Before I say anything, I want to be clear that (1) this post is neither for nor against gun control, (2) I support the right of American citizens to bear arms and have written in defense of the Second Amendment (see links at the end of this article).
With that proviso out of the way, I have a few comments about what the Governor of Kentucky, Matt Bevin, said about gun control during a recent interview.
Here’s the video:
I agree with Governor Bevin’s overall point that because these killings are part of a broader issue, it is naïve and delusional to think gun control can solve this problem. I completely agreed with his diagnosis of this broader cultural problem, especially about the erosion of dignity and respect for human life. And he is certainly correct that it is totally misguided to think that problems which arise as a symptom of cultural decay can be fixed with a piece of legislation. However, does it therefore follow that relevant legislation should be eschewed? I don’t think so, and here’s why.

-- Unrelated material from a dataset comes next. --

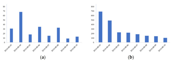 The coarse-grained subject word set is selected for the information collection experiment, while considering the data comprehensiveness and accuracy. Taking the most sensitive emergency rescue information in the earthquake emergency work as an example, the general topic crawler method b and the topic crawler method a, based on classified topic-words, are used to capture the messages from earthquakes that occurred a week later. Other conditions of the two comparative experiments are consistent. The Ludian earthquake was taken as an example for information collection. In method b, microblog messages were crawled by the “earthquake” keyword, while the message time is between 2014-08-03 00:00:00 and 2014-08-11 00:00:00, which includes the time at which the Ludian earthquake took place, as well as the seven days that followed. In method a, microblog messages were crawled by the first-level A5 words that are used in the coarse-grained word sets as keywords. The message validity is judged based on the earthquake rescue information. The experiment results are shown in Table 8. The daily number of microblog messages obtained by the two methods are shown in Figure 4. Earthquake emergencies are time-urgent and of great importance. Therefore, timeliness and accuracy are required for earthquake emergency information collection.
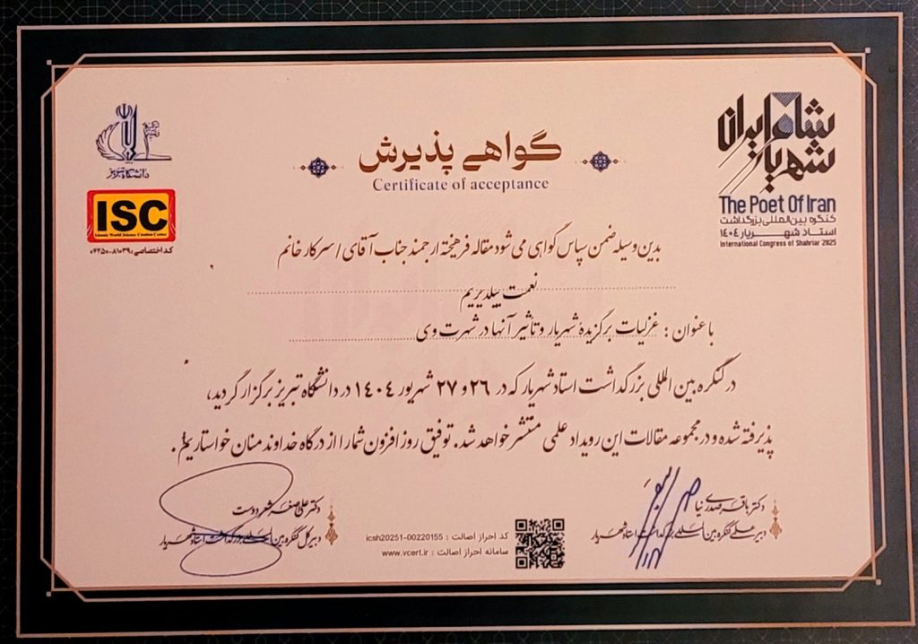 30 Eylül 2025 Uluslararası Şehriyar Kongresi Fars Dili ve Edebiyatı bölüm başkanı Prof. Dr. Nimet YILDIRIM Tebriz’de 17-18 Eylül 2025 tarihinde düzenlenen Uluslararası Şehriyar Kongresine davetli konuşmacı olarak katıldı.

To determine whether gun control legislation is helpful or unhelpful, constitutional or unconstitutional, we need additional argumentation and data beyond the mere fact that killings are occurring because of widespread cultural decay. Insofar as Bevin does not offer such additional argumentation, his case (at least as it was presented here) is simply a non sequitur. But worse, his argument implicitly undermines the conservative case on key issues such as abortion and crime. Consider how the recognition that abortion arises because of a broader cultural decay and cannot be fixed with a single law does not mean we should stop advocating for restrictions on abortion. Or consider further that by recognizing that pedophilia is a symptom of cultural decay and can’t be fixed with a single procedure doesn’t mean that we should dispense with the procedure of requiring background checks for people working with children. Or again, recognizing that pornography arises as a symptom of cultural decay and can’t be fixed with more restrictions is irrelevant to whether or not we should oppose restrictions on allowing pornography in public. Similarly, recognizing that these horrendous killings are arising because of a broader cultural decay is completely irrelevant to the issue of gun control. The law, by its very nature, cannot address the issues of the human heart and must be recognized as limited in the scope of what it is able to accomplish. But we still need to have laws. Yet if what Governor Bevin is saying is true, then it is hard to see how there could be justification for any law.
Everyone agrees there should be some type of gun control. This governor would not want to see people able to buy machine guns over the counter with the same ease that people can purchase a pack of cigarettes. Similarly, advocates of gun control still want to allow guns for hunting and circumscribed private use. The question is where in the middle of this spectrum is best. That is a prudential question that needs to be based on empirical data, but if the governor’s argument (i.e., laws should not be enacted if the problem they are addressing has arises as a symptom of cultural decay) is taken at face value, then there is no reason in principle to even look at such data. Moreover, to be completely consistent with his principles, how could we object to removing the restrictions on buying machine guns over the counter with the same ease as it’s possible to purchase a pack of cigarettes?
Yes, the surge of killings is a problem rooted in cultural decay, but one of the problems with cultural decay is that then you need more rules. To determine exactly what the rules should be, and how to balance liberty and restriction, is a question that can only be determined by getting our hands dirty with the latest empirical data, as well as whatever textual data is necessarily to reach an historically-informed understanding of the constitution.
That said, I still thought that what Governor Bevin said was spot-on in diagnosis of our culture’s problems. I wish he were the governor of my state. I give him an A rather than an A plus.